ZOBACZ: Rozwiąż ten kosmiczny QUIZ! Znasz te niezwykłe zjawiska?
Półkilometrowa planetoida jest potencjalnie niebezpieczna
Obiekty zbliżające się do Ziemi (głównie planetoidy) nazywane są "obiektami bliskimi Ziemi", po angielsku "Near-Earth objects", w skrócie - NEO. Naukowcy zaliczają do tej grupy takie ciała, których orbitą przebiegają bliżej niż 1,3 jednostki astronomicznej od Słońca (jednostka astronomiczna to średnia odległość Ziemi od Słońca, wynosząca około 150 milionów kilometrów).

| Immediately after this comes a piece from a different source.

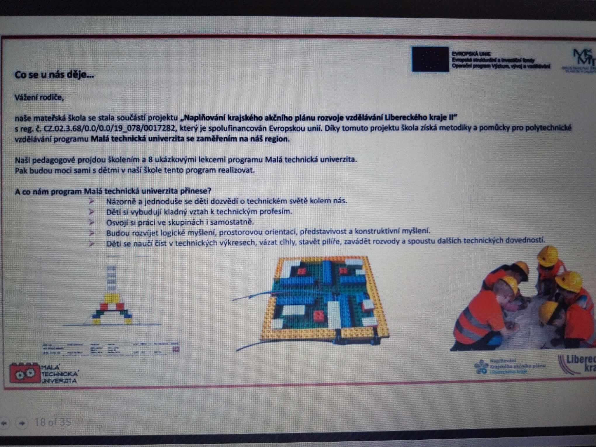 Naše mateřská škola se zapojila do projektu Malé technické univerzity.

Znanych jest kilkadziesiąt tysięcy obiektów NEO. Są one odkrywane, katalogowane i śledzone przez dedykowane projekty obserwacyjne. Spośród nich wyróżnia się tzw. potencjalnie niebezpieczne planetoidy (ang. potentially hazardous asteroids, w skrócie PHA), jako te ciała, które zbliżają się na 0,05 jednostki astronomicznej (19,5 odległości do Księżyca) i mają rozmiary na tyle duże, że wywołałyby katastrofę o skali regionalnej, w przypadku uderzenia (rozmiary większe niż 140 metrów).
Planetoida (2008 OS7) należy do grupy tych potencjalnie niebezpiecznych (zbliżenie na 0,019 jednostki astronomicznej).
Informacje o przewidywanych bliskich przelotach planetoid są publicznie dostępne w internecie. Można je śledzić na przykład na stronie internetowej Centrum ds. Badań Obiektów Bliskich Ziemi.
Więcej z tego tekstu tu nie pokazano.